Pero las cuentas no salen —el centro “está funcionando al 8,7% de su capacidad”, dice una portavoz de la consejería— y la decisión —”necesaria y responsable”, aunque también “dolorosa y de último recurso”, continúa— ya está tomada. La directora del colegio, Cecilia Chamorro, admite con dolor que “quizás es ya tarde”, aunque probablemente “se podrían haber intentado muchas cosas antes”. El Juan XXIII lleva más de 20 años desangrándose, poco a poco, con esa imagen de puertas adentro y la otra, infinitamente peor y más poderosa, hacia fuera, perdiendo alumnos por el descenso de la natalidad y la competencia de dos colegios concertados que hay, a 350 y 800 metros, en los dos extremos del barrio.

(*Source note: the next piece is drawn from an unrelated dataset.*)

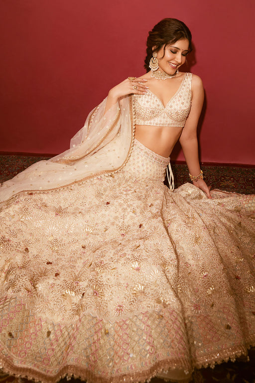View full detailsEmbrace elegance with our stunning lehenga set, featuring a beautifully crafted sleeveless blouse that showcases intricate e...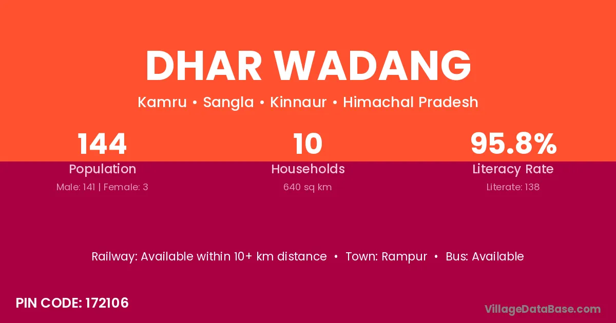 Dhar Wadang village is located in the Sangla Tehsil of the Kinnaur district in Himachal Pradesh .

A Chamorro le duele profundamente que la idea que quede sea que ella y sus compañeros no están ofreciendo “la educación que se merece y debe tener cada niño”. “Me siento orgullosa del trabajo que hemos hecho”, dice. Pero tampoco quiere cargar contra los concertados, como algunos padres, sindicatos y defensores de la pública en general, que creen que la Administración debería quitarles las subvenciones antes de cerrar el centro. “Como dijo la delegada de Educación [del Ayuntamiento de Mérida, Susana Fajardo], al final, el colegio está en este punto porque las familias no lo han elegido”, reconoce. De nada sirve echarles ahora la culpa a esas familias o a los centros concertados; lo importante es preguntarse por qué ha pasado: “Todos, absolutamente todos tenemos que tomarnos el cierre de un colegio público como un fracaso. Hemos fracasado y tenemos que aprender de ello”.